Most of the characters’ behavior makes sense, and the adventure itself is something they’re simply dragged into, making them Marvel’s true “ragtag” group.  In fact, Ronan pejoratively labels them the “Guardians of the Galaxy” after what seems to be a crippling screw-up on their part.  Everyone has a background that could have conceivably brought them to where they are, although most of that background isn’t explored because so much time is devoted to chases and explosions, and because the structure of the film is that of a fast-paced and linear video game.  Even the histrionic theatrics of Ronan, which he goes through again and again instead of just killing the heroes, seems justified when you think of him as a fanatical alien whose sense of ceremony is just as important to him as what he actually accomplishes.

What sets Guardians apart from other superhero stock is its sarcasm and self-conscious quality.  Or at least, its attempt to be aware of what it is.  During an obligatory Hero Shot, Gamora yawns and Quill wipes his nose.  Quill constantly makes references to pre-’90s pop culture, including Ranger Rick, Alf, Alyssa Milano, and others that the film’s target demographic won’t get.  When Quill makes his plea for aid from the Nova Corps, who have vilified him for years, his big justification is that he’s “an a-hole, but not one-hundred-percent a dick.”  The funny parts are genuinely funny due to Pratt’s delivery.  But the issue is that the film still carries the structure of every other Marvel movie, in spite of how much they make make fun of it, so when the inevitable epiphanies happen and Quill decides to be a good guy, it’s a sham.  Even Quill can’t explain why he risks his life to save Gamora when she’s spaced by Nebula; he knows it would have made more sense to just save himself.  His big rallying speech to the Guardians argues that this is their chance to “give a shit,” and even after Rocket correctly lampshades the obligatory Heroes Standing Up One at a Time scene as “a bunch of jackasses standing in a circle,” that scene has still happened, and for the same reason it happens in every one of these movies: Freytag’s Superhero Pyramid.

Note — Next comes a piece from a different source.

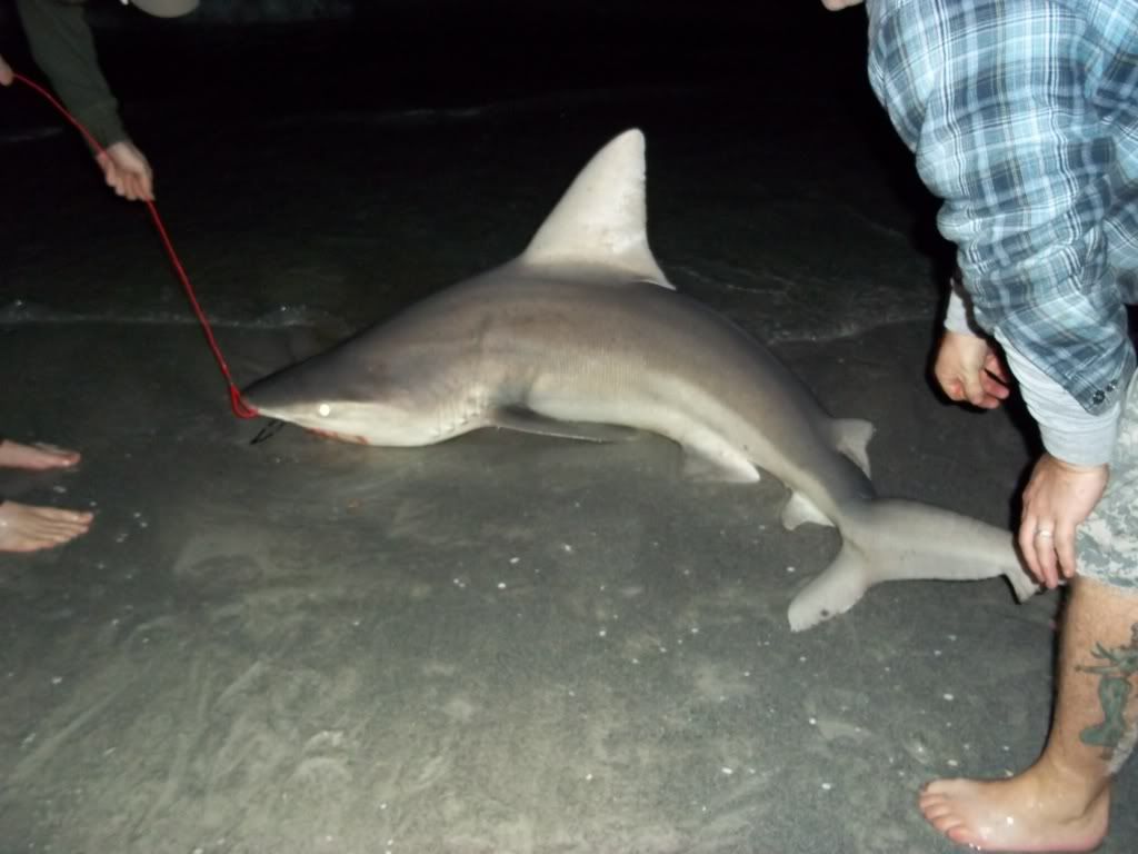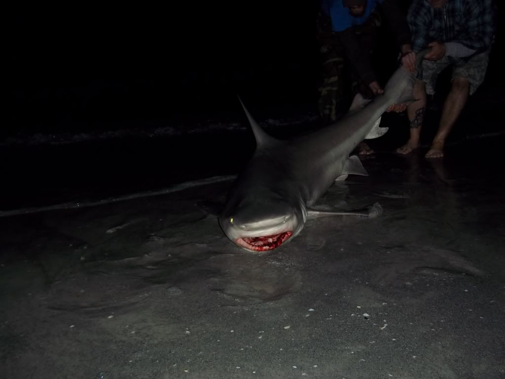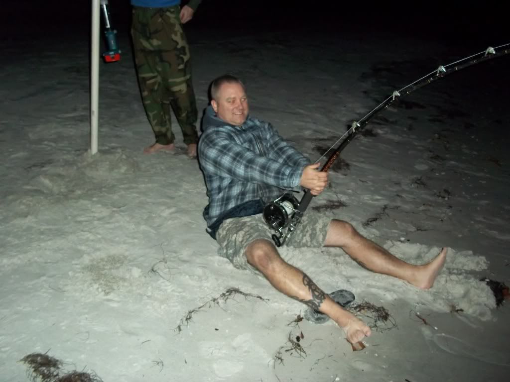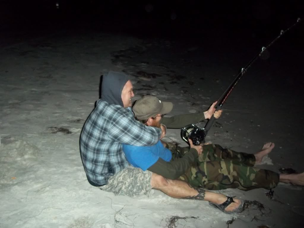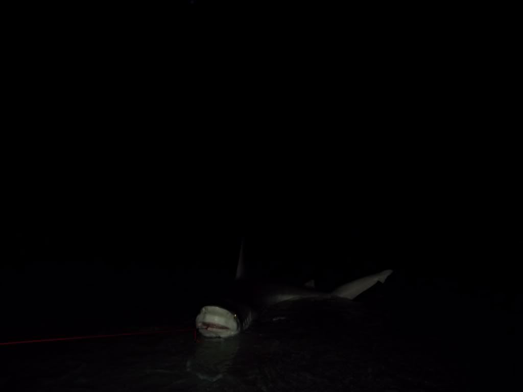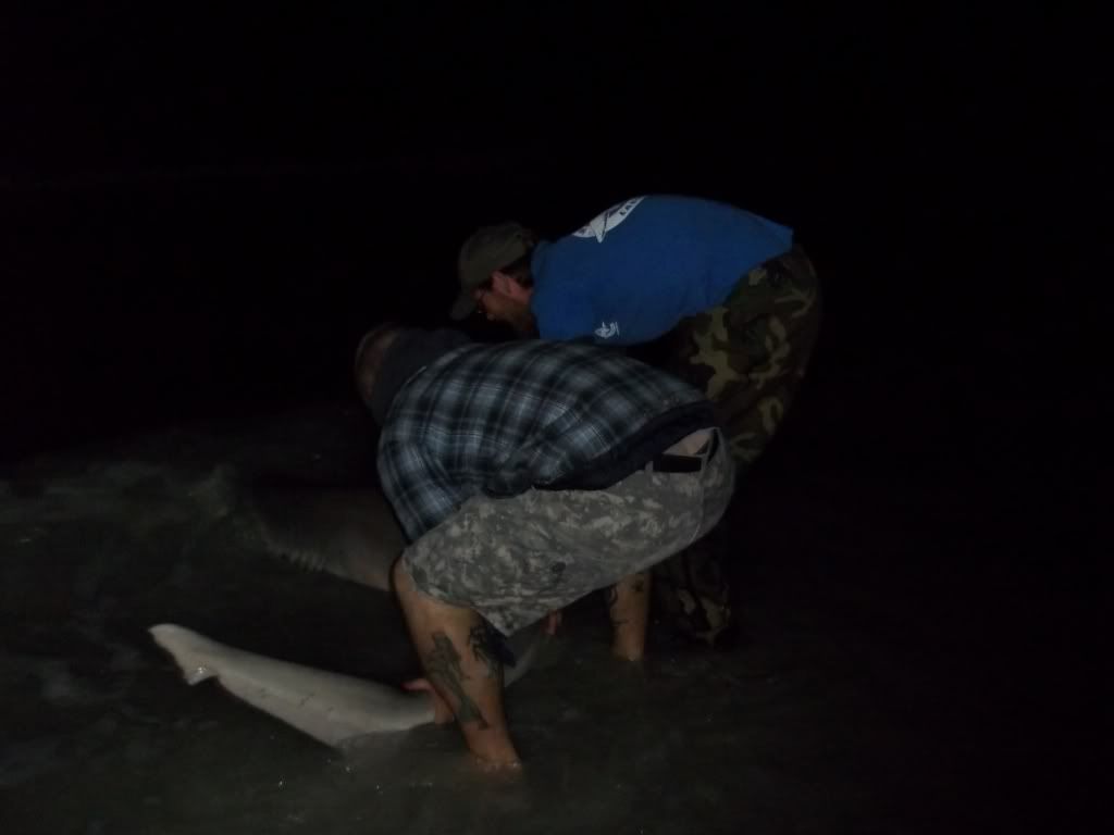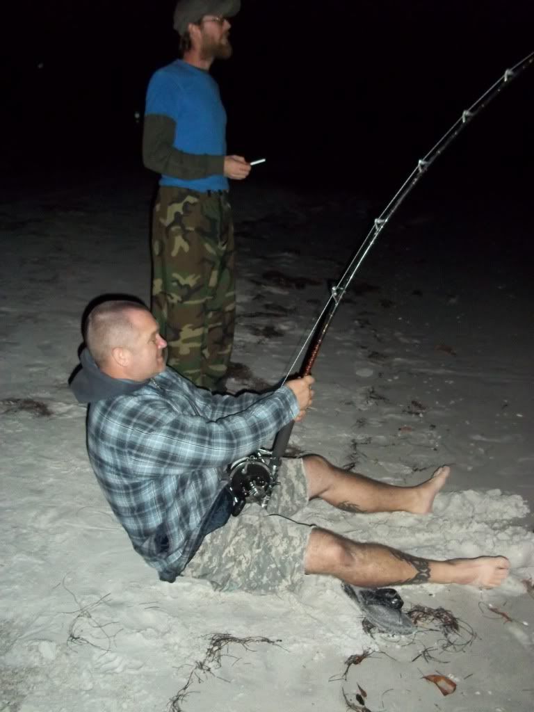 We rolled out there a little after sundown. Met up with Steve who was really just sitting there waiting lol. I paddled out our three big mullet. The first rod to be hit was Melissa's Trinadad. She gets a screaming run and meets a crab trap. Bummed, we all sit back down. Then my 12/0 starts a slow run toward Mexico. So I stick it and take my seat

The film comes very close to being Marvel’s redheaded stepchild, and is genuinely better than most Marvel movies despite being bogged down by conventions and still being too “safe” for fear of not making its money back.  But hey, we’re talking about a company that responds to accusations of gender discrimination by turning one of its already-famous male characters female instead of just creating a new female character.  What are you afraid of, Marvel?